Apache Pig UDF：加载函数-IGI

时间：2020-02-23 14:37:38 　来源:igfitidea点击:

Pig的加载函数建立在Hadoop的InputFormat之上，该类是Hadoop用来读取数据的类。
InputFormat有两个用途：它确定如何在地图任务之间分割输入，并提供一个RecordReader来产生键值对，作为这些地图任务的输入。
加载函数的基类是LoadFunc。

加载函数–分类：

LoadFunc抽象类有三种主要的数据加载方法，在大多数情况下，只要扩展它们就足够了。
可以实现其他三个可选接口以实现扩展函数：

LoadMetadata：

LoadMetadata具有处理元数据的方法。
除非加载程序与元数据系统进行交互，否则大多数执行程序都不需要实现此函数。
此接口中的getSchema()方法为加载器实现提供了一种将数据的模式传递回Pig的方式。
如果加载程序实现返回包含实类型字段的数据，则应提供描述通过getSchema()方法返回的数据的架构。
其他方法处理其他类型的元数据，例如分区键和统计信息。
如果这些方法对其他实现无效，则实现可以为这些方法返回空返回值。

LoadPushDown：

LoadPushDown有不同的方法将操作从Pig运行时推送到加载程序实现中。
当前，Pig仅调用pushProjection()方法来与加载程序通信，Pig脚本中需要这些字段的确切字段。
加载程序实现可以选择遵守还是不遵守请求。
如果加载程序实现决定遵守该请求，则应实现LoadPushDown以提高查询性能。

pushProjection()：

此方法通知LoadFunc，Pig脚本中需要哪些字段。
因此，通过仅加载所需的字段，使LoadFunc能够提高性能。
pushProjection()带有一个" requiredFieldList"。
" requiredFieldList"是只读的，不能由LoadFunc更改。
" requiredFieldList"包括" requiredField"的列表，其中每个" requiredField"表示Pig脚本所需的字段，并由索引，别名，类型和子字段组成。
Pig使用列索引requiredField.index与Pig脚本要求的字段与LoadFunc进行通信。
如果必填字段是地图，Pig将传递" requiredField.subFields"，其中包含Pig脚本所需的键列表。

LoadCaster：

LoadCaster具有将字节数组转换为特定类型的技术。
当需要支持从DataByteArray字段向其他类型的隐式或者显式强制转换时，加载程序实现应实现此目的。

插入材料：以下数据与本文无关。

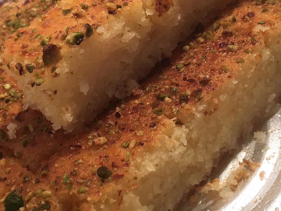كأسه حليب حبه بيض ربع كأسه سكر نص كاسة سمنة ذايبه نص كاسه زبادي وا بنخلطهم شوي وا بعدين نضيف كأسه سميد خشن كأسه سميد ناعم ربع ملعقه فانيليا ملعقه اكل بيكنج بودر رشه ملح وا نخلطهم من جديد
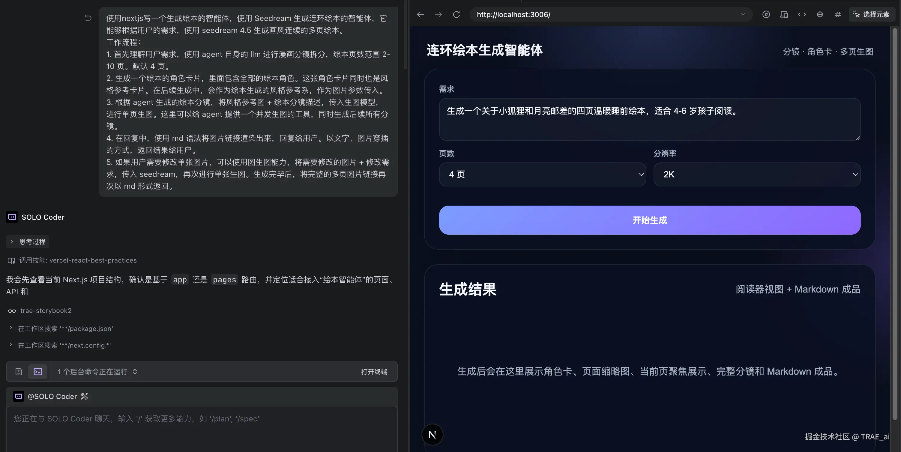 使用nextjs写一个生成绘本的智能体,使用 Seedream 生成连环绘本的智能体,它能够根据用户的需求,使用 seedream 4.5 生成画风连续的多页绘本。
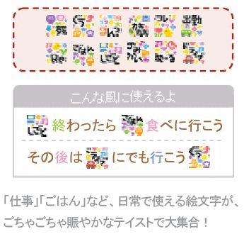 コンテンツ内容:「仕事」「ごはん」など、日常で使える絵文字が、ごちゃごちゃ賑やかなテイストで大集合!
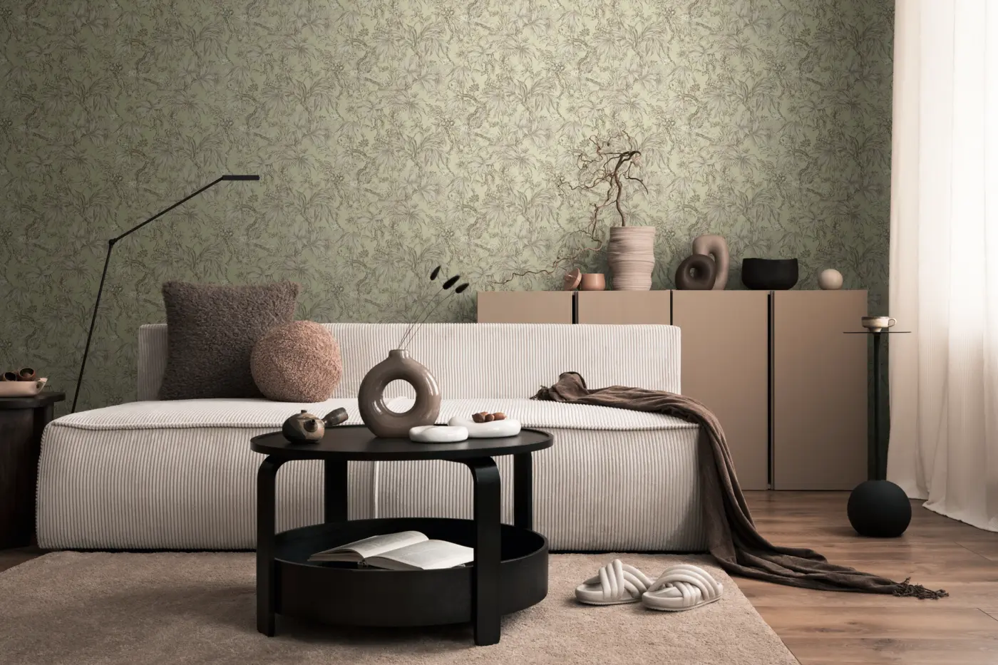 Die leicht strukturierte Vinyl-Oberfläche unterstreicht das Motiv und sorgt für eine hochwertige, lebendige Anmutung. Ob als Akzentwand oder als durchgängige Gestaltung: Das Muster wirkt natürlich, stilvoll und bringt eine ruhige, harmonische Atmosphäre in Wohn- und Arbeitsbereiche.
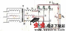 单相整流电路的功率一般不超过一千瓦,对于大功率的整流电路则需要采用三相整流电路,因为大功率的交流电源是三相供电形式。图是一个电阻负载三相桥式整流电路,它有六个二极管,D1、D3、D5接成共阴极形式,共阴极用P表示;D2、D4、D6接成共阳极形式,共阳极用M表示;零线用N表示。
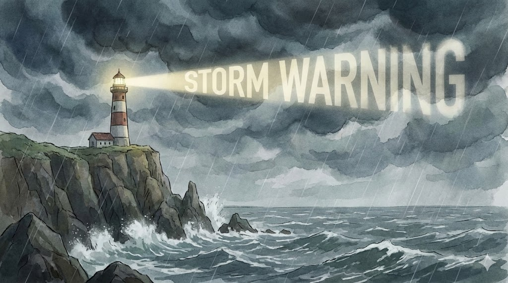 - 해석: 문제나 위험이 임박했음을 알리는 표시나 징후.
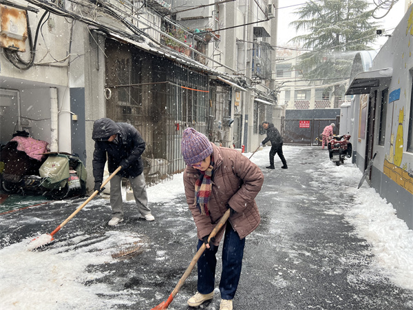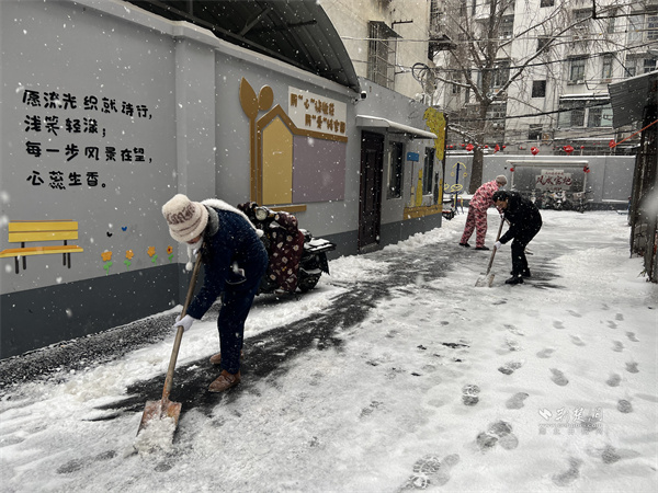 一大早,三名居民志愿者便率先行動(dòng),有人清掃路面浮雪,有人揮舞鐵鍬鏟除薄冰,還有人主動(dòng)疏導(dǎo)過(guò)往居民,提醒大家小心路滑。在志愿者的帶動(dòng)下,越來(lái)越多居民走出家門加入掃雪隊(duì)伍,原本寂靜的小院變得熱鬧起來(lái),歡聲笑語(yǔ)驅(qū)散了冬日寒意,鄰里距離也在并肩勞動(dòng)中悄然拉近。社區(qū)工作人員帶著掃雪工具趕來(lái)時(shí),正撞見(jiàn)熱火朝天的勞動(dòng)場(chǎng)景,隨即也加入掃雪行列。
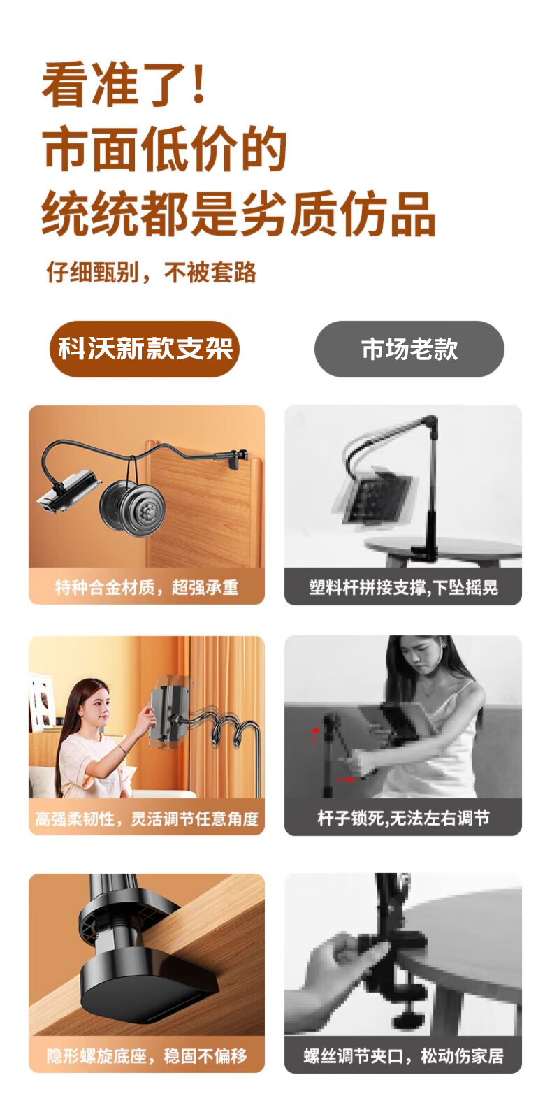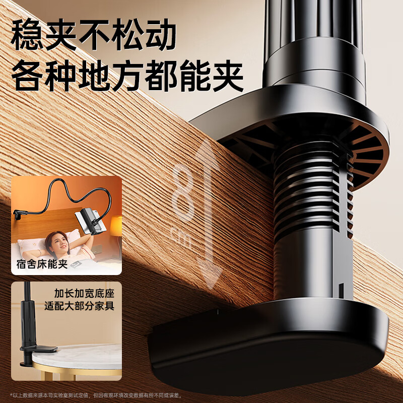 一体合金 懒人支架 不摇晃/不下坠/不断裂;加大加宽底座 稳夹不松动各种地方都能夹;19CM大开口适配多种电子设备

LoadFunc抽象类是为实现加载程序而扩展的主要类。
下面说明了需要覆盖的方法：

getInputFormat()：Pig调用此方法以获取加载程序使用的InputFormat。 Pig用与MapReduce Java程序中Hadoop相同的方式来调用InputFormat中的方法。如果InputFormat是Hadoop打包的，则实现应在org.apache.hadoop.mapreduce下使用基于新API的API。如果它是自定义的InputFormat，则最好使用org.apache.hadoop.mapreduce中的新API来实现。
setLocation()：Pig调用此方法以将加载位置传达给加载器。加载程序需要使用此方法将相同的信息传达给核心InputFormat。Pig多次调用此方法。
prepareToRead()：在此方法中，与LoadFunc提供的InputFormat相关的RecordReader被传递到LoadFunc。现在，实现中的getNext()可使用RecordReader将表示数据记录的元组返回给Pig。
getNext()：getNext()的含义没有改变，由Pig运行时调用以获取数据中的下一个元组。在此方法中，实现应使用基础的RecordReader并构造元组以返回。

LoadFunc中的默认实现：

请注意，只有在需要时才应覆盖LoadFunc中的默认实现。

setUdfContextSignature()：Pig将在前端和后端调用此方法，以将唯一签名传递给Loader。签名可用于将任何信息存储到UDFContext中，而加载程序需要在前端和后端的各种方法调用之间存储这些信息。一个用例是将传递给它的RequiredFieldList存储在LoadPushDown.pushProjection(RequiredFieldList)中，以供后端使用，然后在getNext()中返回元组。 LoadFunc中的默认实现的主体为空。该方法将在其他方法之前调用。
relativeToAbsolutePath()：Pig运行时将调用此方法，以允许Loader将相对加载位置转换为绝对位置。 LoadFunc中提供的默认实现为FileSystem位置处理此问题。如果加载源是其他东西，则加载器实现可以选择覆盖它。

该示例中的加载程序实现是文本数据的加载程序，行分隔符为‘’，默认行分隔符为‘’，类似于Pig中当前的PigStorage加载程序。
该实现使用现有的Hadoop支持的Inputformat TextInputFormat作为基础InputFormat。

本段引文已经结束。